RuntimeError: output_attentions is not supported for this model – Some model architectures don’t return attention weights. Check if your model actually supports it:

1
2
3
4
# Verify the model config
from transformers import AutoConfig
config = AutoConfig.from_pretrained("your-model-name")
print(config.output_attentions)  # Should not raise an error

If the model doesn’t support attention outputs natively, switch to Captum’s attribution methods instead. They work on any differentiable model.

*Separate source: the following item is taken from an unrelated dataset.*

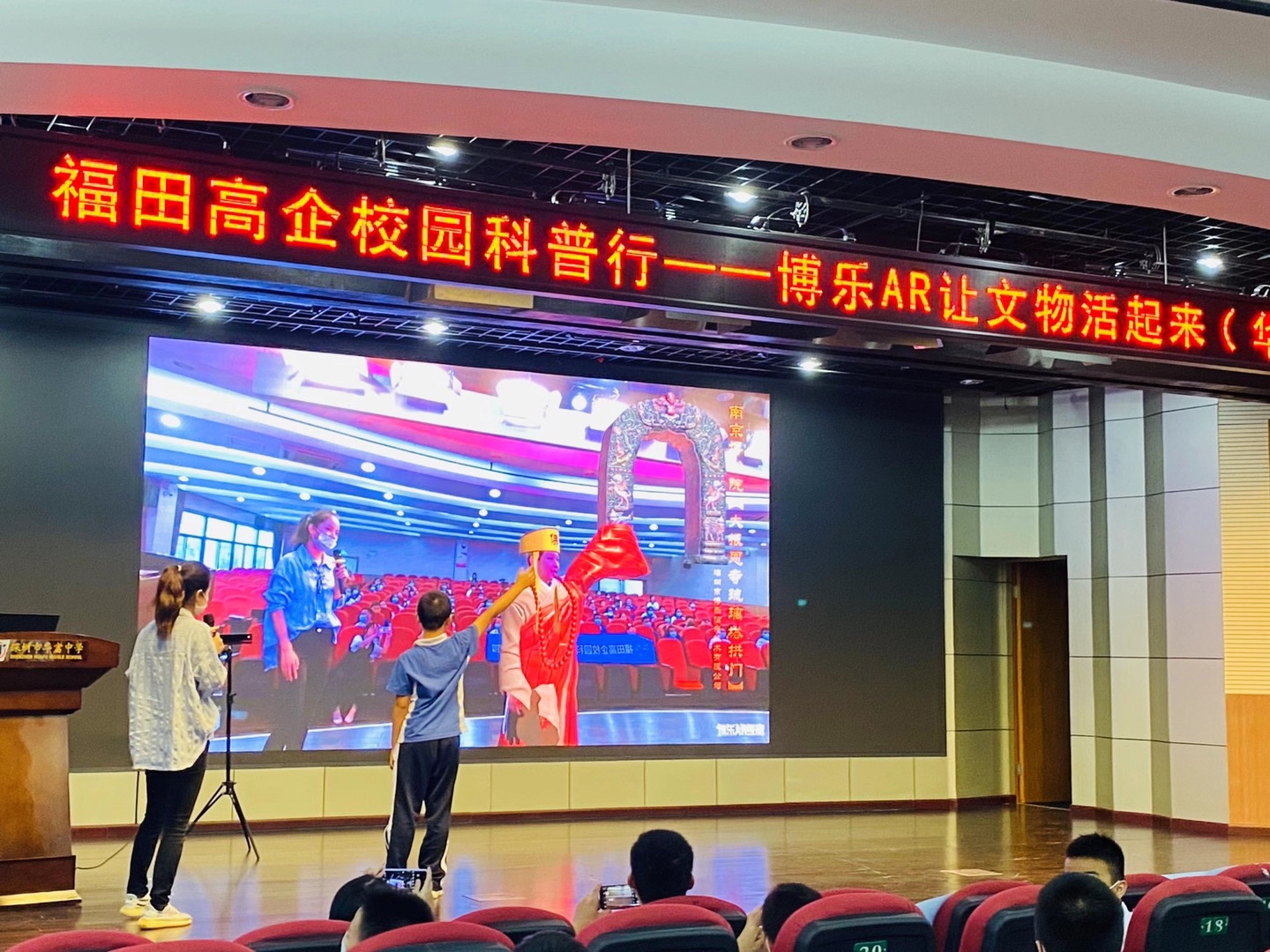 9月27日,校园科普行第一站在华富中学大礼堂拉开帷幕,课程结合AR增强现实技术普及和全国博物馆镇馆之宝文物的现场体验,体验环节吸引了同学们的参与热情,栩栩如生的《千里江山图》把同学们带到遥远的故宫,变身宋徽宗游览大宋的美好江山。

ImportError: No module named 'bertviz' – BertViz is not bundled with Transformers. Install it separately:

1
pip install bertviz

Also make sure you’re running in a Jupyter environment. BertViz renders HTML widgets that won’t display in a plain Python script.

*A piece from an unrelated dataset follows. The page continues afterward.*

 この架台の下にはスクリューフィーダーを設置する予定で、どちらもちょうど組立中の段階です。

ValueError: too many dimensions 'str' when calling model_view – This happens when you pass raw strings instead of tokenized outputs. BertViz expects a tuple of attention tensors and a list of token strings:

1
2
3
4
5
6
# Wrong: passing the raw text
model_view(attention, text)

# Right: passing tokenized token list
tokens = tokenizer.convert_ids_to_tokens(inputs["input_ids"][0])
model_view(attention, tokens)

CUDA out of memory with Integrated Gradients – IG computes gradients across n_steps interpolation points, which multiplies memory usage. Reduce n_steps or move to CPU for smaller models:

 1
 2
 3
 4
 5
 6
 7
 8
 9
10
11
12
13
14
# Option 1: reduce steps (less precise but fits in memory)
attributions, delta = lig.attribute(
    inputs=input_embeds,
    baselines=baseline_embeds,
    additional_forward_args=(attention_mask,),
    n_steps=20,  # down from 50
    return_convergence_delta=True,
)

# Option 2: run on CPU
model = model.cpu()
input_embeds = input_embeds.cpu()
baseline_embeds = baseline_embeds.cpu()
attention_mask = attention_mask.cpu()

AttributeError: 'GPT2Model' object has no attribute 'embeddings' – Different model architectures name their embedding layers differently. For GPT-2, use model.transformer.wte. For RoBERTa, use model.roberta.embeddings:

1
2
3
4
5
6
7
8
# BERT
lig = LayerIntegratedGradients(forward_func, model.bert.embeddings)

# GPT-2
lig = LayerIntegratedGradients(forward_func, model.transformer.wte)

# RoBERTa
lig = LayerIntegratedGradients(forward_func, model.roberta.embeddings)

Check your model’s architecture with print(model) to find the right embedding layer name.